Step 3. Don't be a perfectionist
Often nervousness is accompanied by a magnified view of our imperfections. It pushes us to underestimate all the things we are good at and to harshly judge our mistakes. Even if you make a mistake, it's not a problem because everyone can make mistakes. Plus, nothing is more impressive than getting up gracefully and moving on.
Step 4. Go for a run
To have a healthy body and mind it is essential to adopt an active lifestyle. Jogging or any other aerobic activity helps to dispose of the adrenaline by eliminating the related nervousness symptoms. Regular exercise allows you to stay calm day after day, reduce stress and tension, and increase energy. Think of it as a preventative measure against the most stressful moments.

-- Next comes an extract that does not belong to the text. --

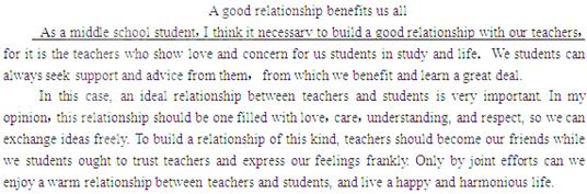 某英文报正在就建立良好的师生关系进行讨论。你作为一名中学生,请参与讨论。请你围绕 “A good relationship benefits us all”这个话题,根据以下要点,用英语写一篇120个词左右的短文。

Step 5. Regulate the circadian rhythm
Try to get 7-8 hours of sleep every night even if your nerves feel like they are breaking down. Lack of sleep and fatigue impair your ability to cope with stressful situations and you may find yourself in a bad mood and unable to concentrate. A good night's sleep is what you need not only before a nerve-wracking event, but also to relieve anxiety.
Step 6. Learn relaxation exercises
Instead of distracting yourself from tensions by watching television or surfing the Internet, try some deep relaxation techniques that are effective on a psycho-physical level. For example, deep breathing relaxes the main nerve from the diaphragm to the brain, instructing the whole body to relax. This is a very useful exercise when you need to prepare yourself for particularly nerve-wracking situations. Here are some widely used methods for relieving tension in daily life:
- Mantra meditation;
- Deep breathing;
- Progressive muscle relaxation;
- Yoga.
Step 7. Start a diary
When you are afraid of not remembering something, you tend to repeat it in your mind over and over again. In these cases, the agitation may take over to the point of worrying or scaring you more than necessary. By writing down your thoughts, especially the most recurring ones, you have the opportunity to free yourself from the burden of having to remember them. A diary can act as a basket for thoughts to cast out, such as self-destructive beliefs and opinions.
Step 8. Build a bond with others
A solid network of support that you can rely on at any time can do more than just distract you from nervousness. Speaking of your state of mind, you may find that others don't see you as nervous as you think. Also, you will realize that people are not always calm and seraphic, but they can easily get nervous, especially in the most important situations that deserve attention.